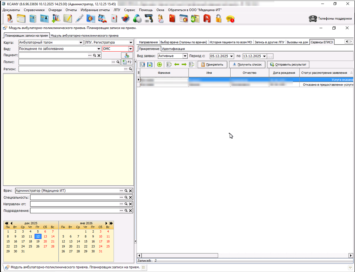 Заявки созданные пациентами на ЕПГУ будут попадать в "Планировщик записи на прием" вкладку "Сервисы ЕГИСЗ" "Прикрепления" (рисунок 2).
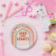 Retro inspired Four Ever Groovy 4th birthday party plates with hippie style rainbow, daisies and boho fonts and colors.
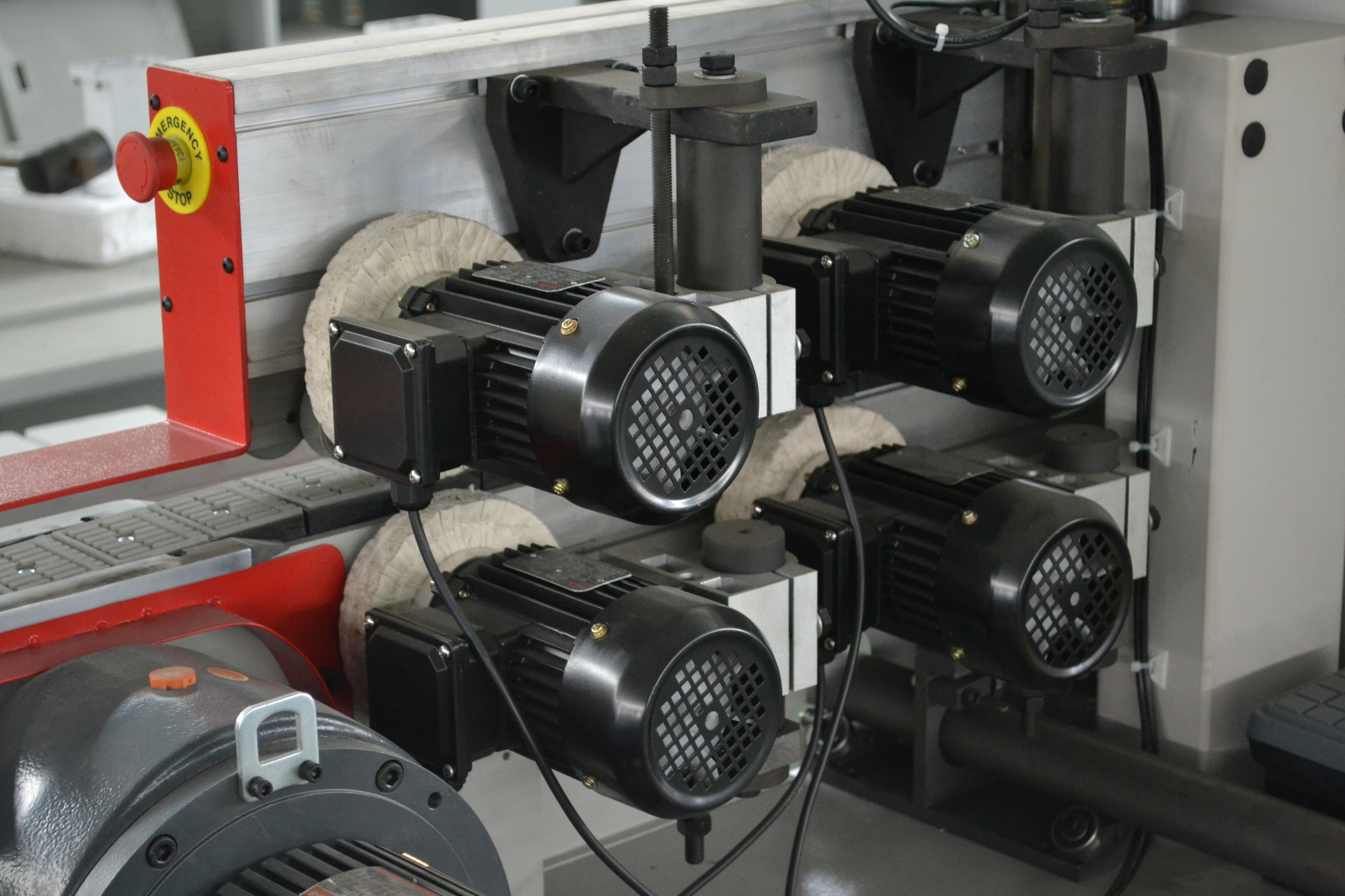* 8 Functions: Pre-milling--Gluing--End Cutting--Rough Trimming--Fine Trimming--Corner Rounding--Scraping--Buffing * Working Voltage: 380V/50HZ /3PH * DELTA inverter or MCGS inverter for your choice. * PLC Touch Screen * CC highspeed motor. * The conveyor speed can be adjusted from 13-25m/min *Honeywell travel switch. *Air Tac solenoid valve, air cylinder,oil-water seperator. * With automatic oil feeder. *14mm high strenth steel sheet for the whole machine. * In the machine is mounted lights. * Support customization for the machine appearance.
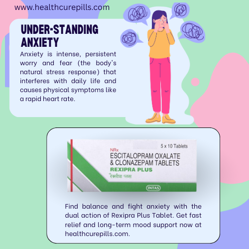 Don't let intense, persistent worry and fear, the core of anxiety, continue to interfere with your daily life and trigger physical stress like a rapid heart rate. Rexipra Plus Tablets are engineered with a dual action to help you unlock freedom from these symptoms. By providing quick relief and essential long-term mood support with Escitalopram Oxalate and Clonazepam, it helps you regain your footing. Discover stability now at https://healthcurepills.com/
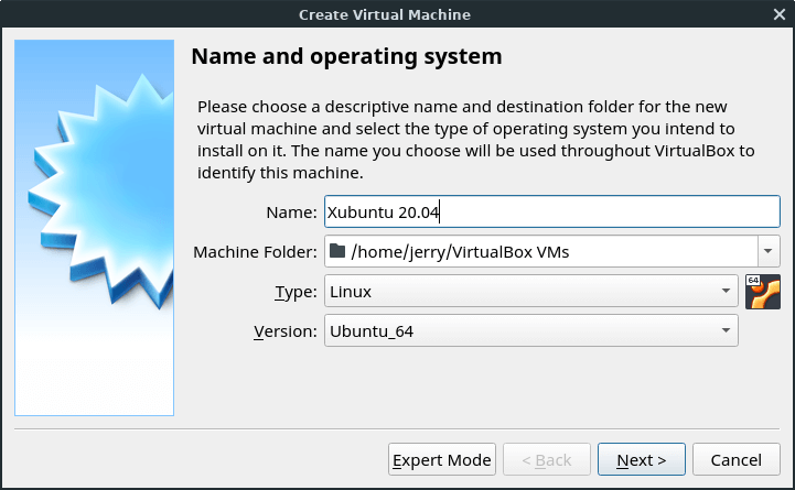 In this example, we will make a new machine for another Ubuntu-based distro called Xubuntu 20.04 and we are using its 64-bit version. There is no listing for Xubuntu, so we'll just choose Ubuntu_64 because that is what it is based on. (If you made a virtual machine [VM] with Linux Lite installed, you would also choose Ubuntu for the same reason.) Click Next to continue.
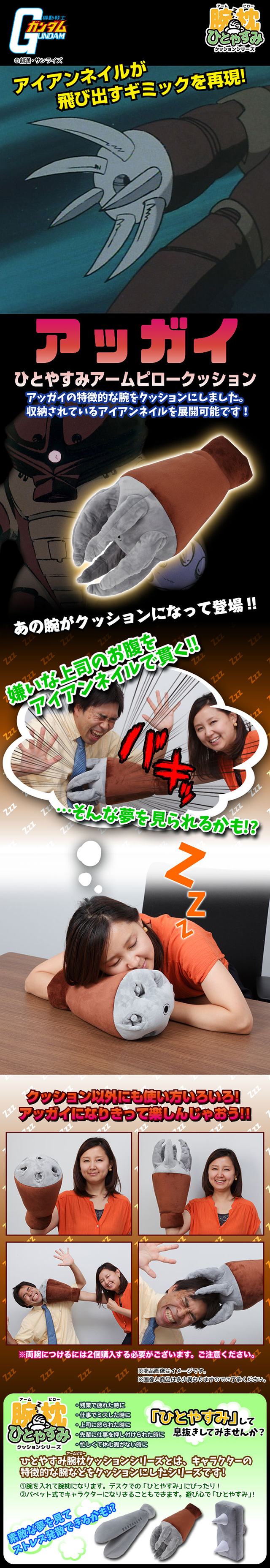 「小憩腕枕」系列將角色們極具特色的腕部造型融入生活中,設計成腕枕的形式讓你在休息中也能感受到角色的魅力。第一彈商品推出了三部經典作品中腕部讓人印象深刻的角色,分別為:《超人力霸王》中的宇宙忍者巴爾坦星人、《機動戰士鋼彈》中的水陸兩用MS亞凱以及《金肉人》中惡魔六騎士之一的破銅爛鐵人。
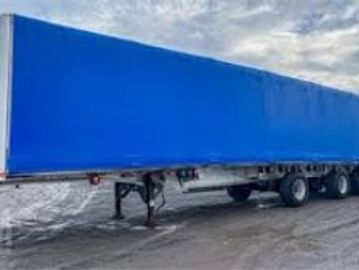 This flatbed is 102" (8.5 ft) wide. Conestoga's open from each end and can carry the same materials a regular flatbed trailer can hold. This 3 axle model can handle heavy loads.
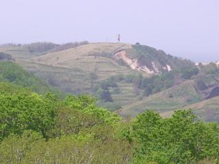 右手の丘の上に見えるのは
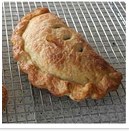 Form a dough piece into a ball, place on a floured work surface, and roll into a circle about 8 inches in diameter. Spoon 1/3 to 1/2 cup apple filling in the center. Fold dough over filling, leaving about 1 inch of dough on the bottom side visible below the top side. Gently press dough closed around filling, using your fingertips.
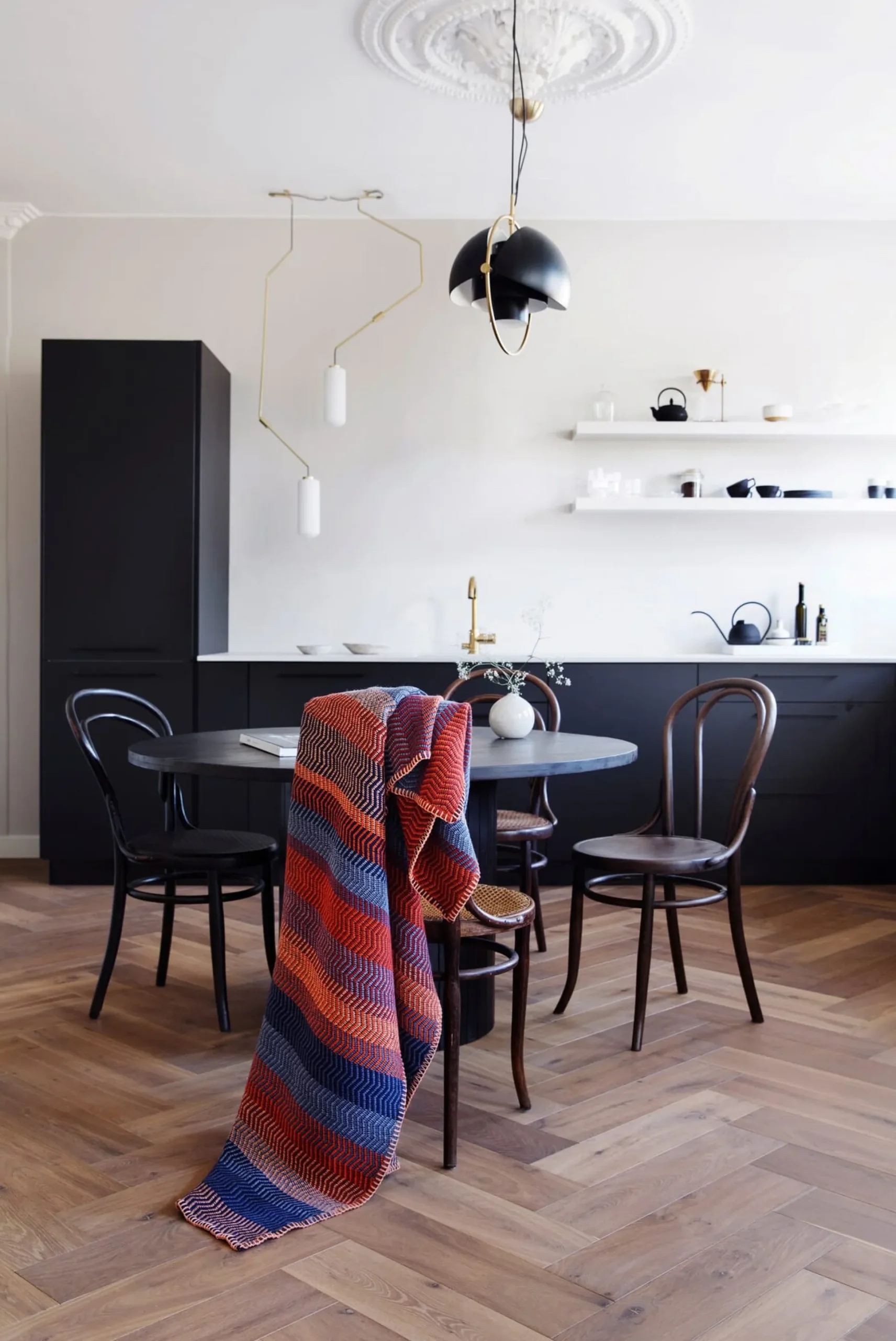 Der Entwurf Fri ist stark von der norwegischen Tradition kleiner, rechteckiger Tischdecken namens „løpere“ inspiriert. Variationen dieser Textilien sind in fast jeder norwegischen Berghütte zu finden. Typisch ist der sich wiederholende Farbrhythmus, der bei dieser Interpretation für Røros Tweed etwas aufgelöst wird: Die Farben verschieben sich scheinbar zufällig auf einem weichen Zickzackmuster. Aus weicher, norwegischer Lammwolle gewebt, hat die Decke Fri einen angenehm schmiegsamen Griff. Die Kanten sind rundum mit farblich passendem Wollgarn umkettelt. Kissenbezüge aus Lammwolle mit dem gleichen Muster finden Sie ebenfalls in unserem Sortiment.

...

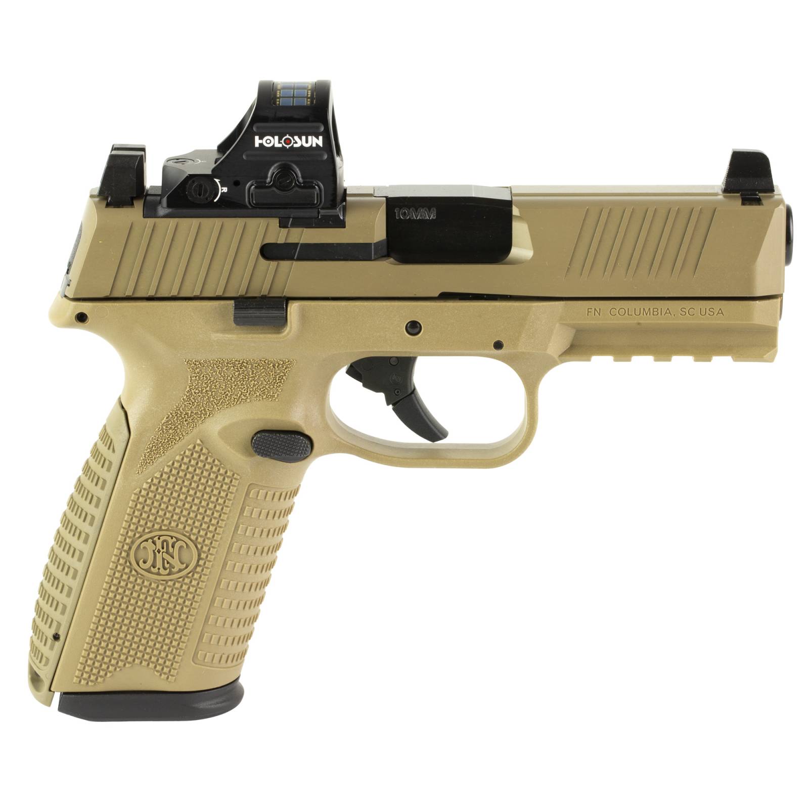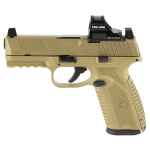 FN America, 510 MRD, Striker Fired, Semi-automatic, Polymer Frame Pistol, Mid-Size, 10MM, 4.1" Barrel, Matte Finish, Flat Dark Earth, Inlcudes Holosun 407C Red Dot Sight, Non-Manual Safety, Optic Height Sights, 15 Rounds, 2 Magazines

> **TASK**:
From the material above, output only the span of lines that starts at the one containing "Retro inspired Four" and finishes at the one containing "the machine appearance.", word for word and free of pictures.

> **RESPONSE TO THIS TASK**:
 Retro inspired Four Ever Groovy 4th birthday party plates with hippie style rainbow, daisies and boho fonts and colors.
* 8 Functions: Pre-milling--Gluing--End Cutting--Rough Trimming--Fine Trimming--Corner Rounding--Scraping--Buffing * Working Voltage: 380V/50HZ /3PH * DELTA inverter or MCGS inverter for your choice. * PLC Touch Screen * CC highspeed motor. * The conveyor speed can be adjusted from 13-25m/min *Honeywell travel switch. *Air Tac solenoid valve, air cylinder,oil-water seperator. * With automatic oil feeder. *14mm high strenth steel sheet for the whole machine. * In the machine is mounted lights. * Support customization for the machine appearance.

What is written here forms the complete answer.